What you are asked to do
With every picture left out, give the data below back exactly.

Information provided
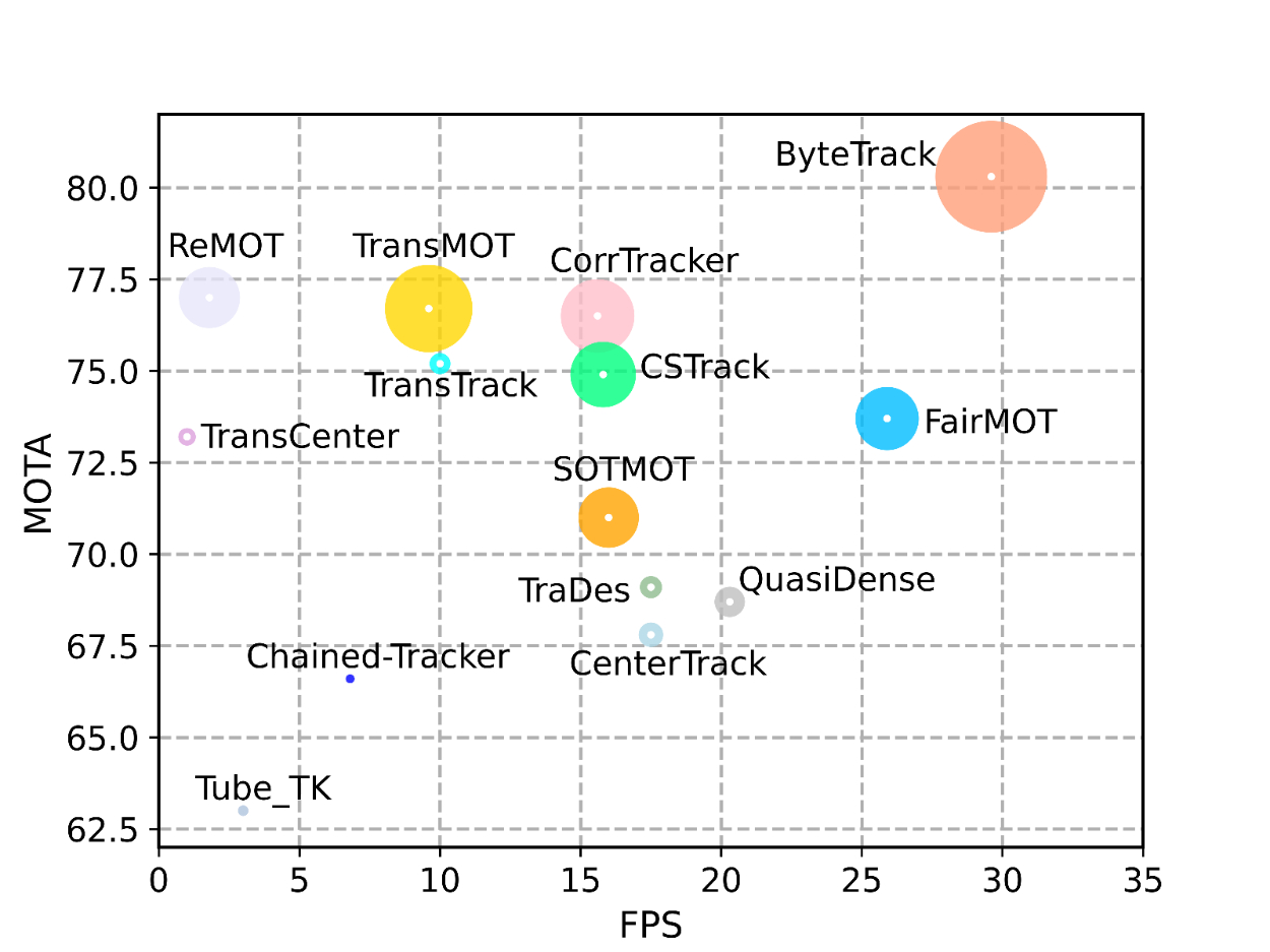 ByteTrackは、2021年10月に公開されたオブジェクトトラッキングのモデルです。Deep SortのようにReIDは使用していません。カルマンフィルタによるバウンディングボックスの移動予測のみでフレームを紐づけています。最初は高い確度のバウンディングボックスに対して、次に低い確度のバウンディングボックスに対して紐付けを行うことで、隠れたオブジェクトでも不検知になりづらい仕組みになっています。
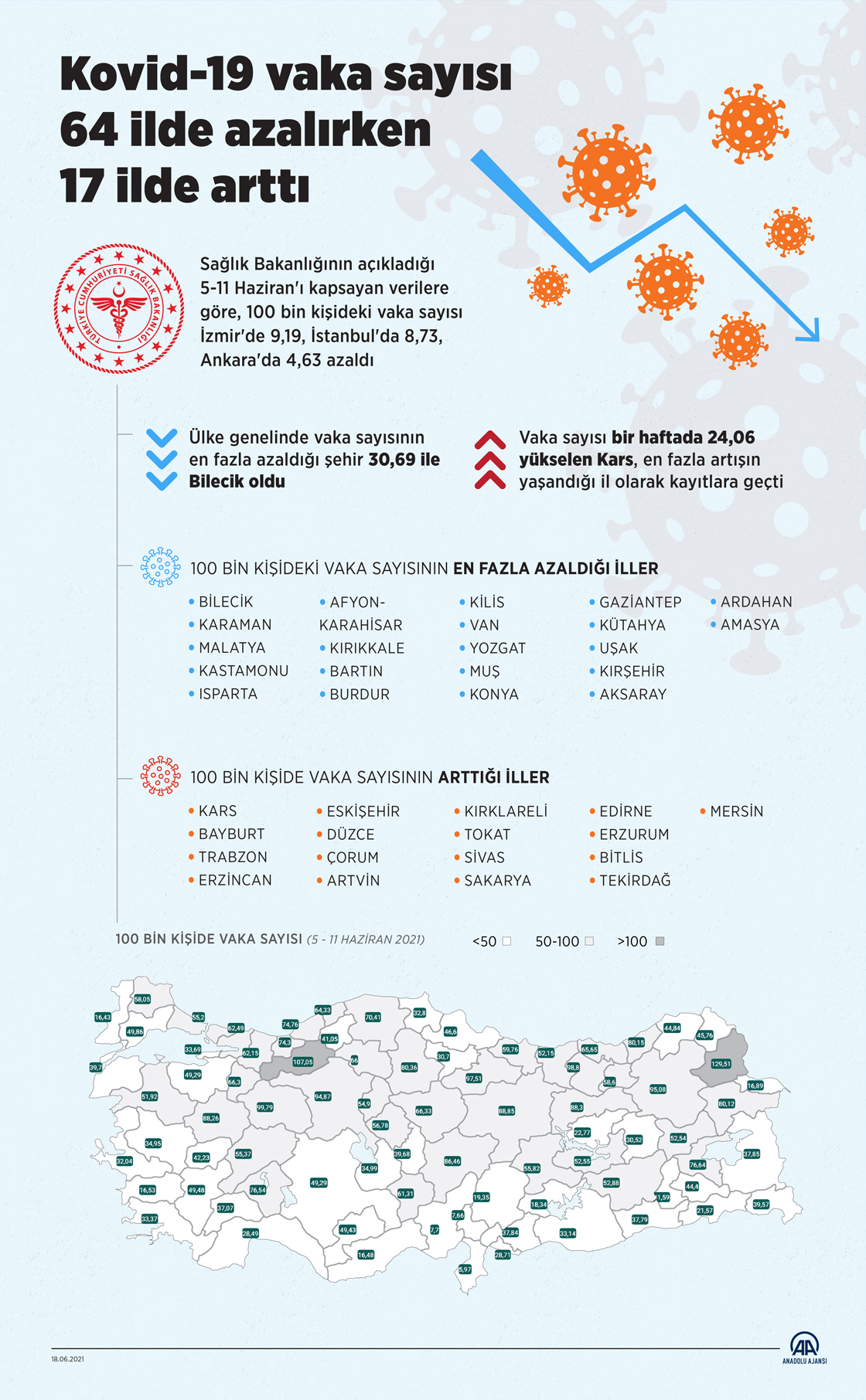 Sağlık Bakanlığının açıkladığı 5-11 Haziran'ı kapsayan verilere göre, 100 bin kişideki vaka sayısı İzmir'de 9,19, İstanbul'da 8,73, Ankara'da 4,63 azaldı. (Grafik: Mahmut Resul Karaca / AA)
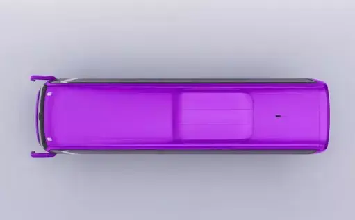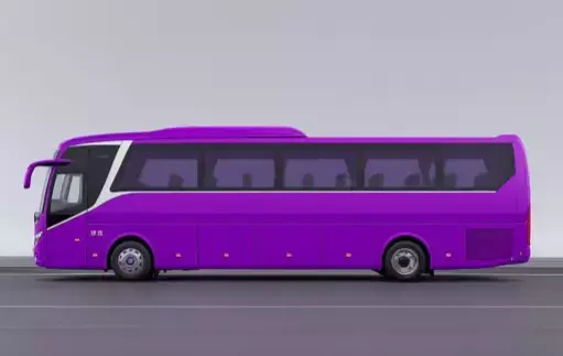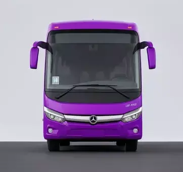 A vibrant, purple luxury coach bus is shown from a front-quarter perspective, appearing to be in motion on a road. The bus has a sleek, modern design with a two-tone color scheme, featuring a bright purple body and a white stripe that runs along the side and over the windows. The front has a contemporary grille and headlights, and a Mercedes-Benz logo is visible on the hubcap, suggesting the vehicle's manufacturer. The image captures the bus in a clean, professional manner, highlighting its elegant and futuristic shape.

Solution to this exercise
 ByteTrackは、2021年10月に公開されたオブジェクトトラッキングのモデルです。Deep SortのようにReIDは使用していません。カルマンフィルタによるバウンディングボックスの移動予測のみでフレームを紐づけています。最初は高い確度のバウンディングボックスに対して、次に低い確度のバウンディングボックスに対して紐付けを行うことで、隠れたオブジェクトでも不検知になりづらい仕組みになっています。
 Sağlık Bakanlığının açıkladığı 5-11 Haziran'ı kapsayan verilere göre, 100 bin kişideki vaka sayısı İzmir'de 9,19, İstanbul'da 8,73, Ankara'da 4,63 azaldı. (Grafik: Mahmut Resul Karaca / AA)
 A vibrant, purple luxury coach bus is shown from a front-quarter perspective, appearing to be in motion on a road. The bus has a sleek, modern design with a two-tone color scheme, featuring a bright purple body and a white stripe that runs along the side and over the windows. The front has a contemporary grille and headlights, and a Mercedes-Benz logo is visible on the hubcap, suggesting the vehicle's manufacturer. The image captures the bus in a clean, professional manner, highlighting its elegant and futuristic shape.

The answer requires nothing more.